Dermal Fibroblasts Uptake Exosomes From Endothelial Cells and Promote Migration

Objectives: This study examines if exosomes from microvascular endothelial cells influence wound resolution by targeting fibroblasts, one of the essential players in skin regeneration. Our objectives are to isolate and characterize exosomes from human dermal microvascular endothelial cells, to examine the uptake of these exosomes by human dermal fibroblasts (FBs), and to observe the effect of endothelial exosome uptake on fibroblast migration.

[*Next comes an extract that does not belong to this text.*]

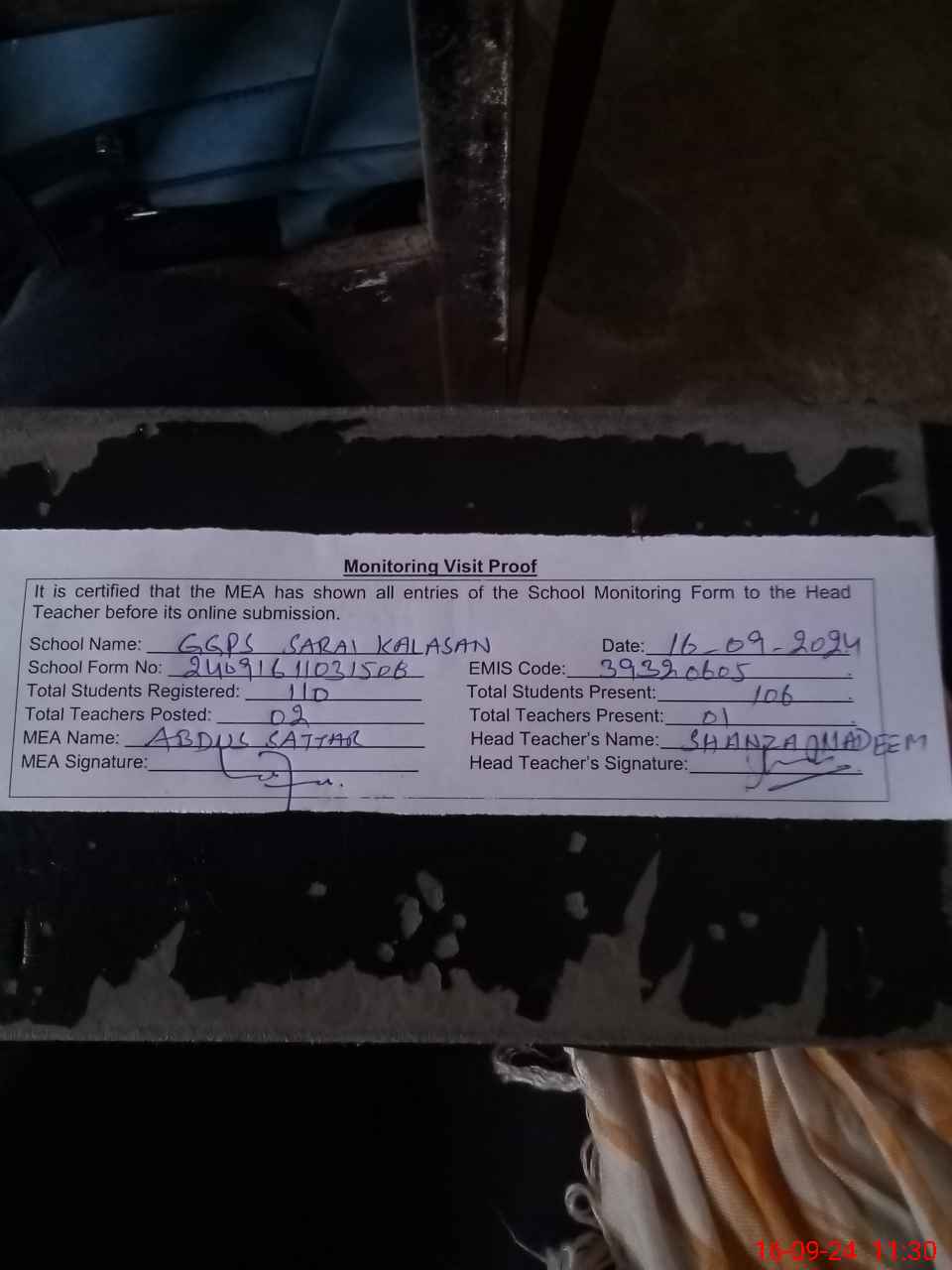 | Attendance Register | Head Teacher | MEA with School | Visit Proof |

Methods: Endothelial cells were cultured until 80% confluence, then incubated in medium containing exosome free fetal bovine serum for 48-hours. Exosomes were collected and purified from the culture supernatant of the Endothelial cells (EC-exos). Nanoparticle tracking was used to determine the quantity and size distribution of the exosomes. Green fluorescently labeled EC-exos were placed on plated FBs for 24 hours to assess uptake using fluorescent microscopy. A transwell migration assay that employed 0.1% crystal violet staining was used to assess fibroblast migration. To assess the effects of EC-exos on FB function, a scratch assay was used to measure migration. Fibroblasts were seeded in 3-well culture inserts (Ibidi) creating two artificial gaps on a confluent monolayer. Mitomycin C (1μg/mL) was applied to the monolayer for one hour after the inserts were removed to preclude proliferation and scratch closure was assessed at 0, 12, 24, and 48 hours.
Results: Following exosome purification, nanoparticle analysis showed a mean particle size of 148.1 nm, which is characteristic of exosomes. Fluorescent microscopy and confocal microscopy showed uptake of exosomes from HDMVECs by the HDFs at 15% concentration. FBs treated with EC-exos exhibited enhanced migration in the transwell migration assay and accelerated scratch closure.
Conclusions: ECs produce functional exosomes that can be successfully isolated and taken up by FBs causing changes in migration patterns, suggesting that endothelial cells can influence fibroblast function in wounds via exosomes.